Women were half as likely to receive treatment for acute coronary syndrome as men, although rates of diagnostic, therapeutic, and preventive interventions increased among both sexes following implementation of the sex-specific thresholds. This disparity persisted in analyses restricted to those with adjudicated type 1 myocardial infarction (MI) and among both younger and older women.

In addition, their outcomes were not improved. Both men and women identified by the new assay were at risk of cardiovascular events at 1 year, with 1 in 8 having a recurrent MI or cardiovascular death, the authors reported today in the Journal of the American College of Cardiology.

"We need to continue to educate clinicians about the importance of high-sensitivity troponin as a diagnostic test and to continue to promote the investigation of coronary artery disease, particularly in women, to try and close the gap between men and women," senior author Nicholas Mills, MD, PhD, University of Edinburgh, Scotland, told theheart.org | Medscape Cardiology.
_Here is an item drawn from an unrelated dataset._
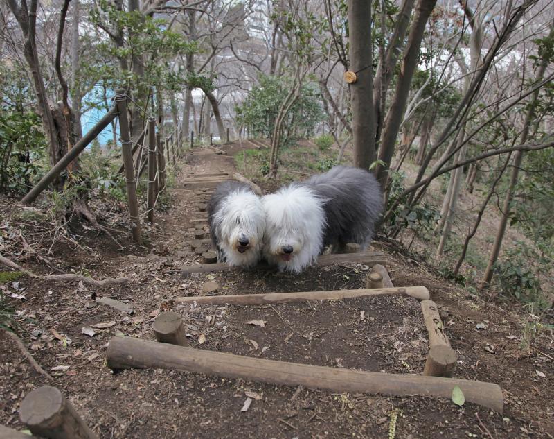 ・・上に来ると風がビュービューで直ぐ退散!~(笑)ここから更に上に……こりずに登り、来た道と違う道を降りては来たが、ここが又~かなりの急坂の階段で2ワン連れでも慎重に降りないとかなり危険な道で、1~2段降りるたびに 『待て!…とまれ!』 と、ずっと連呼の繰り返しで!~(爆)![]()

In an accompanying editorial, Allan S. Jaffe, MD, and Sharonne N. Hayes, MD, both with Mayo Clinic in Rochester, Minnesota, write: "It is clear from this study that simply improving diagnostic accuracy cannot remedy deeply embedded gender disparities in attitudes, practice, and outcomes. Simply put, if one does not act on the data, no diagnostic test will ever have additional worth."

Neither the editorialists nor Mills were surprised by the null effect on outcomes. "When I first learned about cardiac troponin, I thought that it would have quite a dramatic impact on patient outcomes," Mills said. "But as we got used to using the test in clinical practice, it is clear that we identify a much broader group of patients with more complex underlying cardiac disease and comorbid conditions and that the treatment can be challenging. So it is perhaps not surprising that we didn't improve outcomes."

In the main High-STEACS analysis, use of the hs-cTnI assay with a sex-specific 99th-percentile diagnostic threshold of 34 ng/L for men and 16 ng/L for women reclassified 1 in 6 patients with myocardial injury who were not identified on a standard troponin test. However, only one third of these patients had a diagnosis of type 1 MI and there was no benefit in terms of the primary endpoint of MI or CV death at 1 year.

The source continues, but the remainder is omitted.